To analyze the performance of our proposed ensemble classification method, we compiled a larger dataset of over 20,000 images. A careful review of the literature reported the employment of various datasets. The reported datasets varied to a larger extent regarding the size, shape, quality, and variety of fruits for classification and disease identification.

We segregated our datasets into four major segments. We applied bootstrapping on each segment to identify an optimal method for feature extraction. The study considered Inception V3, Squeeze Net, VGG-16, VGG-19, and DeepLoc as the best candidate networks for feature extraction.

Table 3 highlights the comparative analysis of different feature extraction methods. We employed the convolution layers of these models. Based on the images’ embedding, we noticed the following cumulative statistics:

Figure 6 describes the performance metrics of different feature extraction models. For our particular domain of fruit classification and disease identification, we recorded that Squeeze Net outperformed the other models with an extent of 0.99 for AUC, 0.95 for CA, F1 score, and recall. In addition, it showed a precision of 0.97 compared to the other models.

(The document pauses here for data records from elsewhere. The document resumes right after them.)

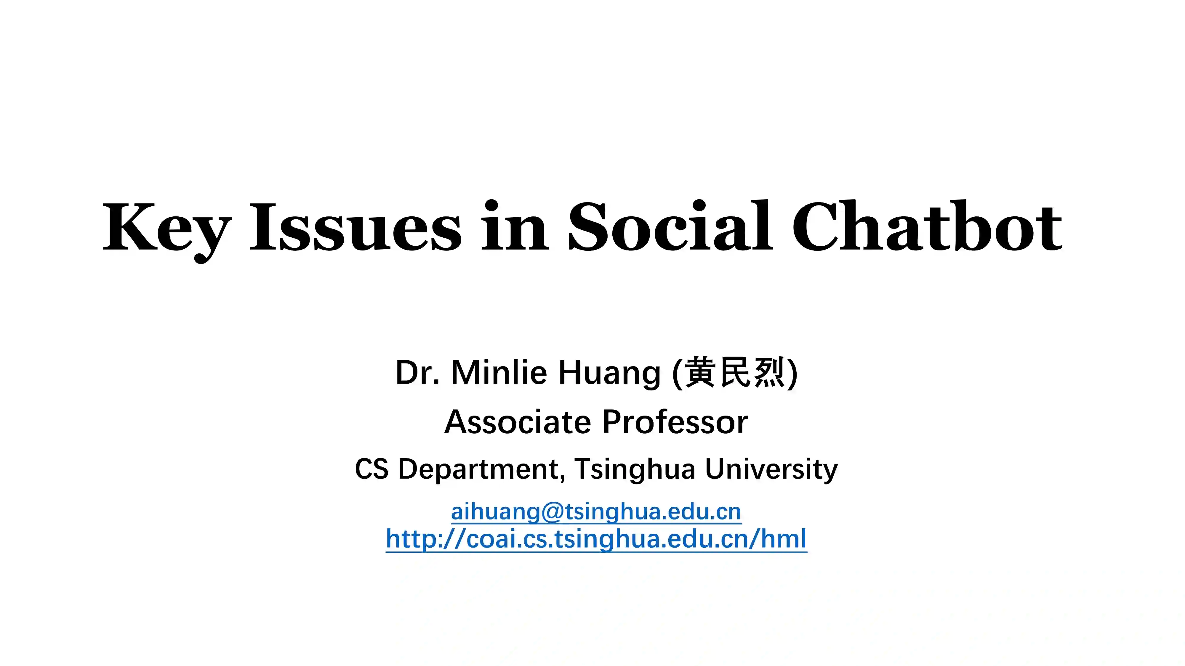 个人简介:清华大学计算机系副教授,博士生导师,计算机系智能技术与系统实验室副主任。研究兴趣主要集中在人工智能、深度学习、强化学习,自然语言处理如对话系统、阅读理解、情感与情绪智能等。获得2019年MSRA合作研究奖,2018年“钱伟长中文信息处理科学技术奖汉王青年创新奖”,IJCAI-ECAI 2018杰出论文奖、CCL 2018最佳系统展示奖、NLPCC 2015最佳论文奖,2016、2017年两次入选PaperWeekly评选的最值得读10/15篇NLP论文之一;其关于情绪化聊天机器人的工作被MIT Technology Review、NVIDIA、英国卫报(The Guardian)、参考消息、新华社等媒体广泛报道,故事生成的工作被TechXplore报道。已超过80篇CCF A/B类论文发表在ACL、IJCAI、AAAI、WWW、SIGIR、EMNLP、KDD、ACM TOIS等国际顶级或主流会议及期刊上。曾担任AAAI 2019、IJCAI 2019、IJCAI 2018(杰出SPC)、IJCAI 2017的高级程序委员,担任ACL 2016、EMNLP 2019/2014/2011,IJCNLP 2017领域主席,长期担任ACM TOIS、TKDE、TACL、TASLP等顶级期刊的审稿人。获得专利授权近10项,其中2项专利技术授权给企业应用。他的主页地址:http://coai.cs.tsinghua.edu.cn/hml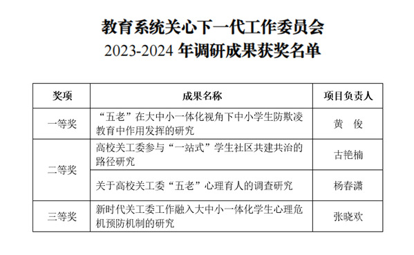 本次调研工作得到各单位高度重视和广大关心下一代工作者的积极参与,调研课题共申报立项245项(重点课题33项,一般课题212项),收到结题报告234项。经专家评审,教育系统关工委主任会议审定,同意234项调研课题予以结项,并评选出调研成果一等奖22项、二等奖36项、三等奖55项,最佳组织奖10个。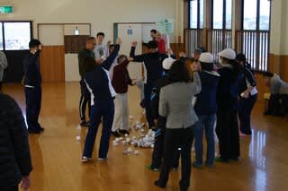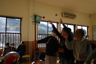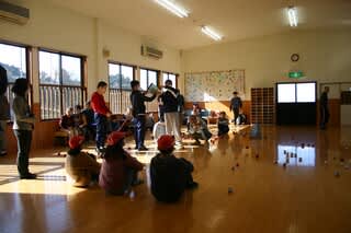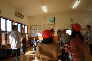 今回は、玉入れを一緒に行いました 色別に「エイ・エイ・オー」と気合を入れスタートです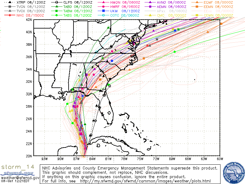 Opvallend is dat vrijwel alle modellen nu gaan voor een landfall bij 960 hPa of lager. Gisteren rond deze tijd zat ECMWF nog op 945 hPa, nu is hij alweer 11 hPa gedaald. Het gevaarlijke is dat de locatie en het tijdstip van de landfall nog erg onzeker zijn. Er is een significant aantal modellen waarbij er leden zijn die met een scherpe draai naar het Oosten komen, waardoor een groter deel van Florida in gevaar zou zijn. Erg opvallend is dat erg veel leden van de huidige modellen op dit moment (dus t = 0 uur) al te ver naar het Westen zitten in vergelijking met de werkelijkheid. Op de orkaanforums wordt gesproken over 'Western errors' die ook voorkwamen bij andere orkanen die plots naar het Oosten gingen. Maar ook een pad ten Westen van de huidige Nhc lijn is nog te zien in sommige leden. Het enge is dat de modellen onderling nog veel verschillen in de 12z runs. Een groep modellen moet dus verkeerd zitten, maar welke dat gaan worden is nog onduidelijk en kan mogelijk pas morgen, 24 uur voor landfall, duidelijker worden.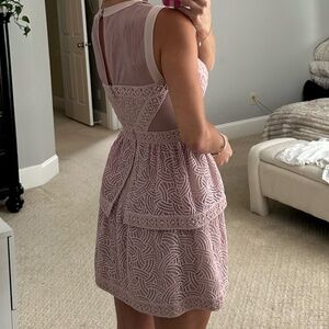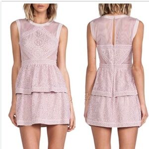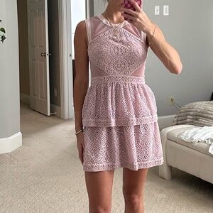 Stunning pink mini dress with mesh cut out, lace details. Tiered skirt, perfect condition

Figure 7 shows the selection of features based on information gain, gain ratio, and Gini index. The principal components are represented with letters "PC", for instance "PC3" represents the third principal component. The Gini index is considered an excellent split criterion for most machine learning algorithms. This is the reason that we restricted our findings to the Gini index. In addition, the other measures, i.e., information gain and gain ratio, depicted similar characteristics. We can see the features sorted in descending order with respect to the Gini index referring to the most robust features (candidates) for performance analysis of ensemble classification models and other classifiers.

Furthermore, we validated the feature selection using central data tendency measures as shown in Figure 8. Figure 8 is a high-resolution figure prepared at 600 pixels per inch. It may be zoomed in to view the contents.

Figure 8 presents an exponential number format which can be read as follows, the subsequent signed number (either plus or minus) succeeding “e” is raised to the power of 10, for instance number 8 × 10⁻³ will be read as 8 × 10⁻³. The central data tendency measure gives the data distribution with respect to mean, mode, and median. It also glimpses the data dispersion, minimum, maximum, and missing values (if any) in certain features. We can validate the chosen strongest candidates concerning variance in the data and their distance from the mean. This gives us a second opinion regarding the selection of better candidate features.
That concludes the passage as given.